Cycle Stock and Its Role in Inventory Management

In today’s marketplace, deciding how much inventory to carry is by no means a simple task. With the growth of eCommerce and a competitive international trading scene, inventory managers are finding it harder to make accurate projections to stock their inventories. In such a scenario, we are seeing more project managers depending on safety stock instead of maintaining a steady supply of cycle stock. While this seems like an easier choice, industry experts believe that relying less on safety stock is critical to free up cash and reduce imminent customer service risks.

Let us understand what cycle stock is and what it means for inventory planning and management.

Cycle stock explained

According to business dictionary online, Cycle stock is defined as the inventory that you plan to sell based on demand forecasts. It is the amount of inventory that is projected to be used during any given period. In simple words, it is the inventory needed to meet the regular customer demand in a given period of time. The period is often defined as the time between orders (for raw materials), or the time between production cycles (for work in process and finished goods).

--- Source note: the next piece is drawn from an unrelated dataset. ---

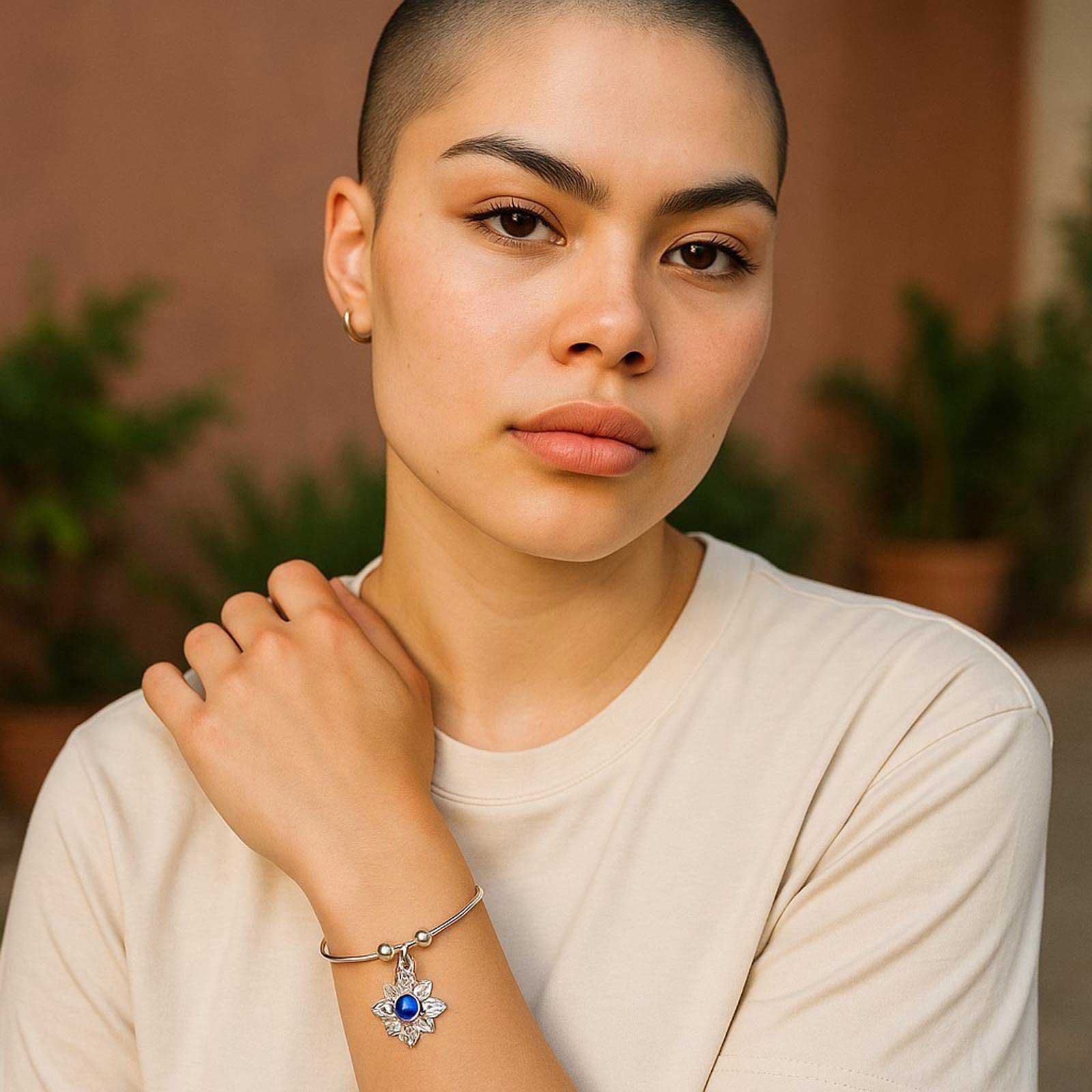 Bracelet ajustable en acier inoxydable avec avec pierre de cristal.

Challenges in maintaining inventory

Industry experts understand that inventory management is usually a rather complex task that involves collaboration between multiple parties including SKUs, suppliers, producers and any such stakeholders involved. As observed by a senior consultant at Trindent consulting during one of the engagements at a major U.S. medical device management company, inventory management was usually driven by factors which were beyond the control of planning or purchasing departments. It is therefore essential to understand the factors that can help to plan and purchase the inventory with better accuracy.

Planning for inventory accuracy

The first important factor in planning for inventory accuracy is to collaborate with all the parties involved in the production, sales and distribution process. Take variables like demographics, seasonality, annual sales and discounts, the cost per unit, storage costs, supplier availability and any such historic figures that may be relevant to the stock planning and purchase process. Getting to know all these factors is half the battle won in terms of being able to make accurate predictions about the forthcoming demand.

The next step is the use an accurate measurement to plan the cycle stock. This can either be done by using the cycle stock calculation formula, or simply through a reliable inventory management software. Accurate planning will reduce dependence on safety stock and hence ensure an increased cash flow and better risk management figures for the business.

Deciding how much inventory to carry is by no means a simple task; however, a more collaborative planning process along with more accurate estimations is the first stop towards improvement and will result in sustainable benefits.